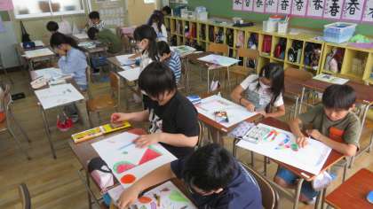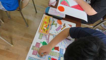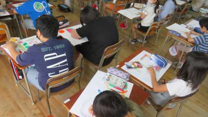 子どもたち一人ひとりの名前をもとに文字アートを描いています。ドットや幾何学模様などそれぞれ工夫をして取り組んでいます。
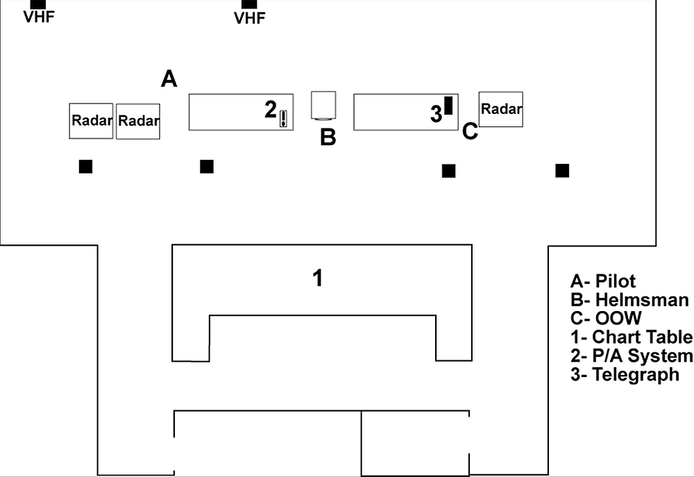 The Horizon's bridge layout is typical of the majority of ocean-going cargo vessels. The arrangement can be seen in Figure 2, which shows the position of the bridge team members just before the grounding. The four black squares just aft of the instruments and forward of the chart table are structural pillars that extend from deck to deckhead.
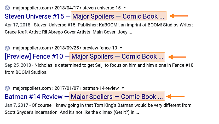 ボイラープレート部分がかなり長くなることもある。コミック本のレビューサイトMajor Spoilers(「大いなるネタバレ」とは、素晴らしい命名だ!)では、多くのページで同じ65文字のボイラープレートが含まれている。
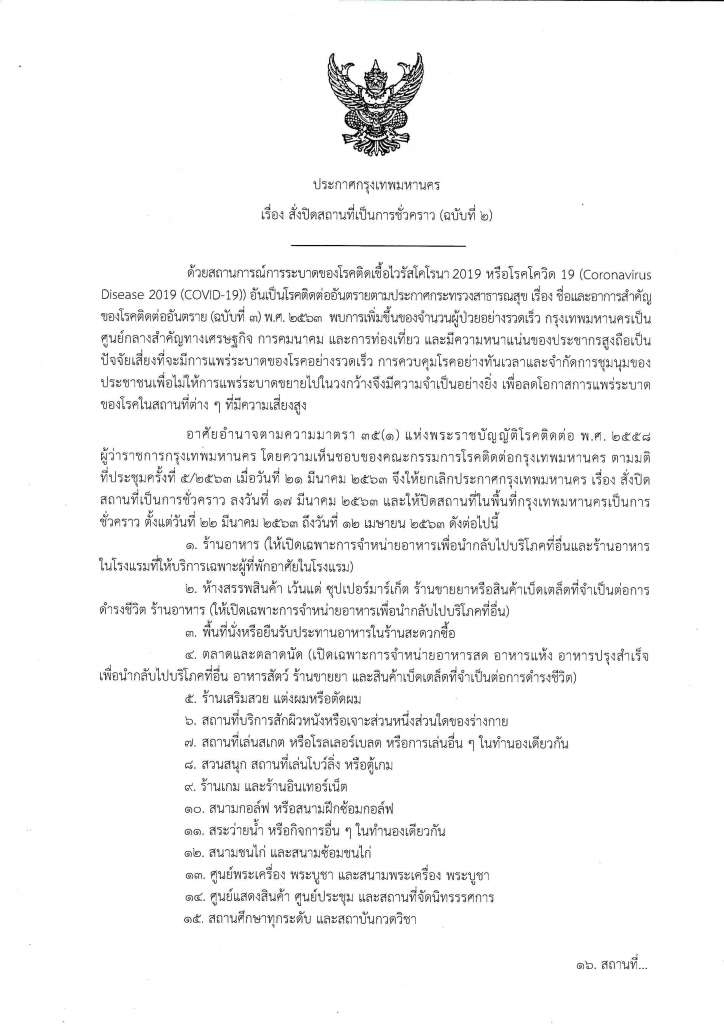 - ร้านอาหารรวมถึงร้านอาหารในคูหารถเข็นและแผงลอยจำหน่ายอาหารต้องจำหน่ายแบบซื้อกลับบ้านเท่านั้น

====================

Work instructions: Starting with the line that contains "ボイラープレート部分がかなり", give the lines again exactly as they appear through the last line of the data, pictures excluded.

Solution for this task:
 ボイラープレート部分がかなり長くなることもある。コミック本のレビューサイトMajor Spoilers(「大いなるネタバレ」とは、素晴らしい命名だ!)では、多くのページで同じ65文字のボイラープレートが含まれている。
 - ร้านอาหารรวมถึงร้านอาหารในคูหารถเข็นและแผงลอยจำหน่ายอาหารต้องจำหน่ายแบบซื้อกลับบ้านเท่านั้น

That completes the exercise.